Horses feed on grass, hay and focus such as grain and manufactured feed. Not every horse requires the same amount and kind of food. A workhorse definitely needs more food than a non-working horse. A horse that is big naturally needs more food than a pony. One thing all horses have in common though is a stomach. Horses”chew” every so often but the amount of food they consume is really very little. They have a delicate stomach that is why it is imperative to know what and how much food a horse should eat. The answer generally depends upon the horse’s age, breed, and quality of feed, the condition of teeth, the weather and the quality of its shelter. Visit the below mentioned website, if you are seeking for more details on haylage.
Green grass is the most natural type of food for a horse. A fantastic quality pasture best suit mature horses which do minimum work at all. Be aware that horses are rather picky and won’t eat everything that is”green” as they tend to select where they graze. It is best to split the pasture into paddocks then rotate the horses’ grazing areas through different paddocks. This rotation will give the grass the opportunity to grow back. Do not attempt to feed a horse with lawn grass clippings as doing so could cause founder or laminitis, a painful inflammation of a horse’s hoof. National horses thrive on hay. But do not feed a horse any old hay as it might contain mold and dust. It’s ideal to purchase green bales of hay that’s free from dust and mold. Check the middle of the bale by sticking your hands into it to make sure it’s not warm. Moldy and dusty hay can cause respiratory problems and colic. As a preventive measure, it’s ideal to soak the hay in clean water before giving it to a horse for feeding. There are various sorts of hay and the local variety will dictate what sort of hay is available as horse feed. Hay can be legume or grass hay. A mix of grass and legume hays is a good feed for horses. Grass and hay cannot provide the right quantity of nutrition for a medium to hard-working horses, pregnant and nursing mares and growing young horses. These horses need grains or focus.

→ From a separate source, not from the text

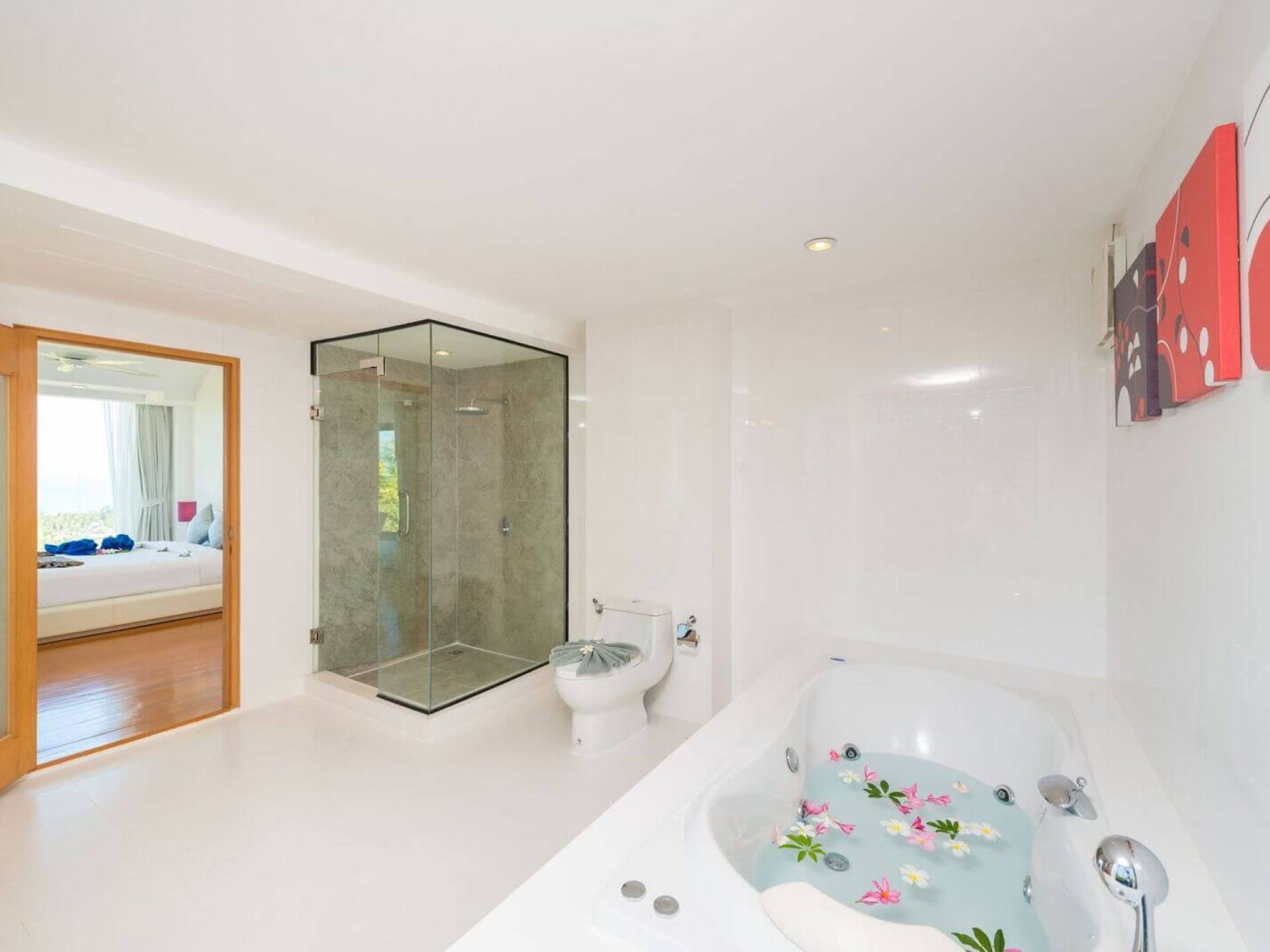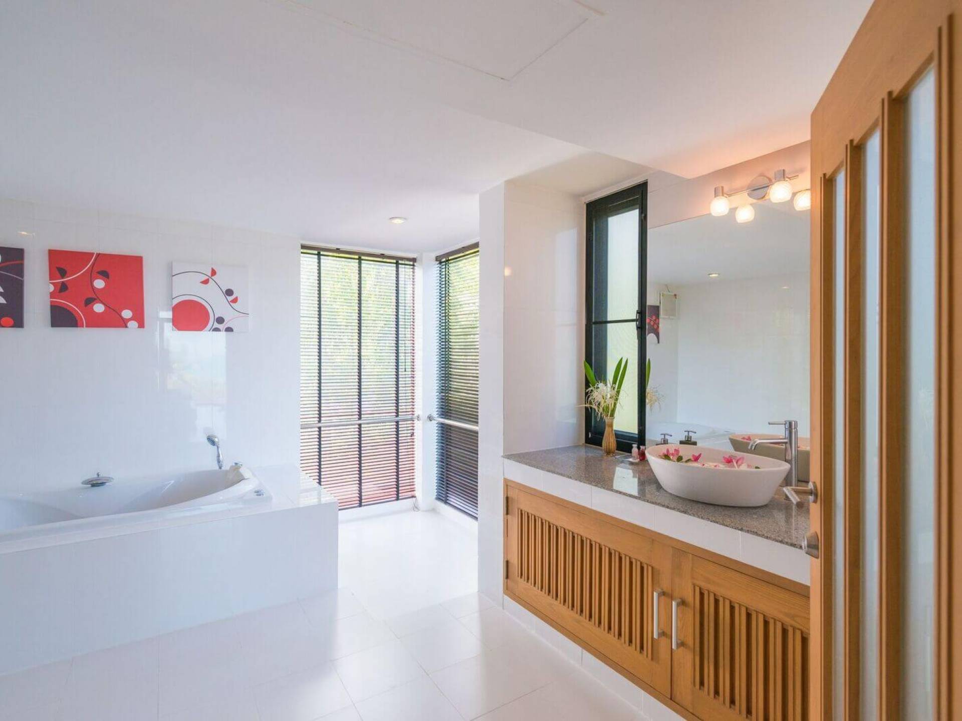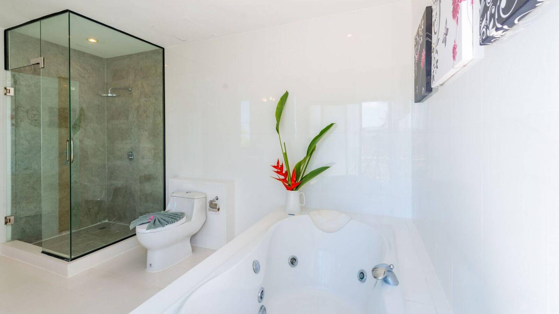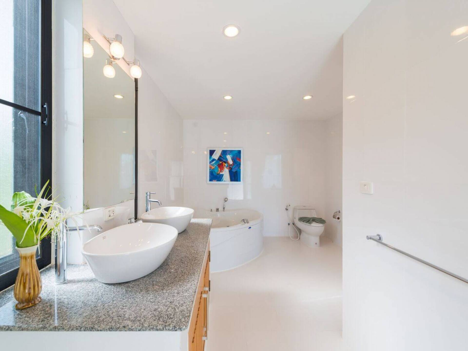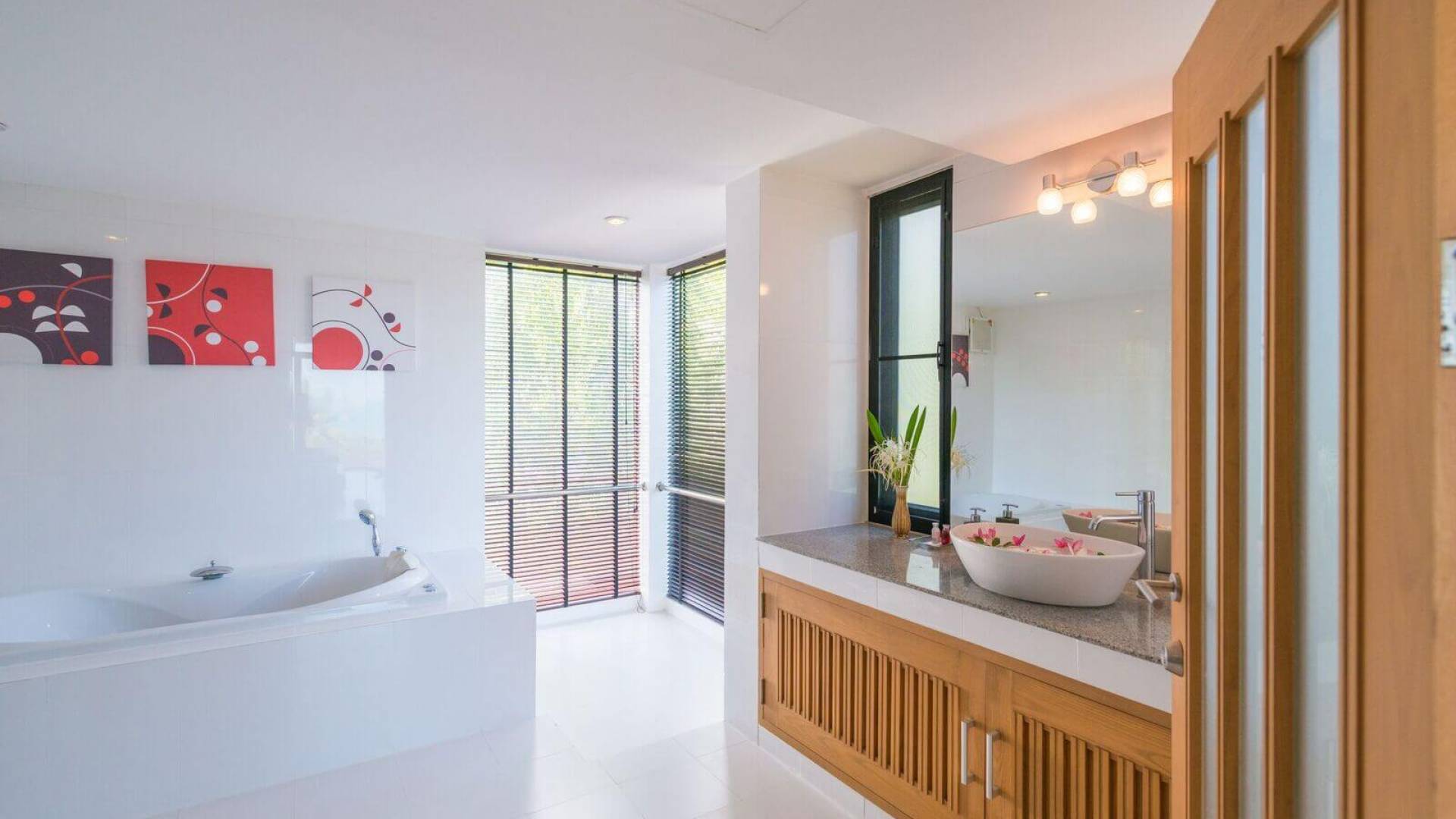 Villa White Stone Samui tiene 4 lujosas habitaciones finamente decoradas con baños privados en suite, todos los cuales cuentan con impresionantes vistas al mar. Los baños incluyen lujosas bañeras de hidromasaje y duchas de lluvia para un momento rejuvenecedor. La villa puede albergar hasta 10 personas con la generosidad de dos colchones extra grandes adicionales sin cargo. Tres de los dormitorios están equipados con camas tamaño king, mientras que el cuarto tiene dos camas individuales que son ideales para niños.
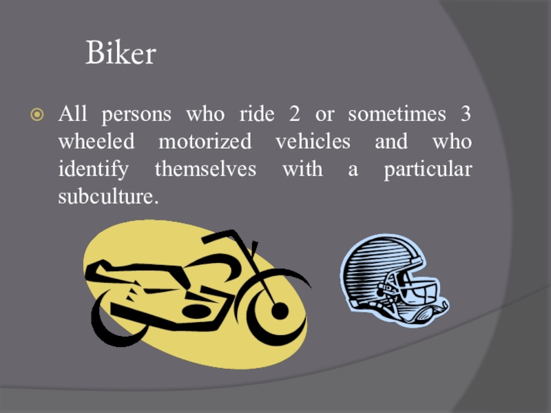 BikerAll persons who ride 2 or sometimes 3 wheeled motorized vehicles and who identify themselves with a

Note that hay should stay its basic bulk diet as too much grain can cause health and digestive problems. Other options for concentrates are the mixture of grain and molasses; beet pulps; pellets, cubes and other manufactured feeds. Choosing the perfect feed for a horse has become easier as you will find various feeds formulated to match a horse’s age, health, and general condition. Always remember to provide an infinite supply of fresh water to the horse except right after heavy work. A hot and sweaty horse ought to take it easy on water consumption. Cool down the horse a bit and offer several tiny drinks of water. Hay and grass are meals. They contain calcium, fiber, protein, and vitamins. A mature horse normally eats one bale of hay per day. Be aware that a horse requires about 2 to 2.2pounds of feed because of its body weight. The meal must consist of 20% concentrates and 80% hay.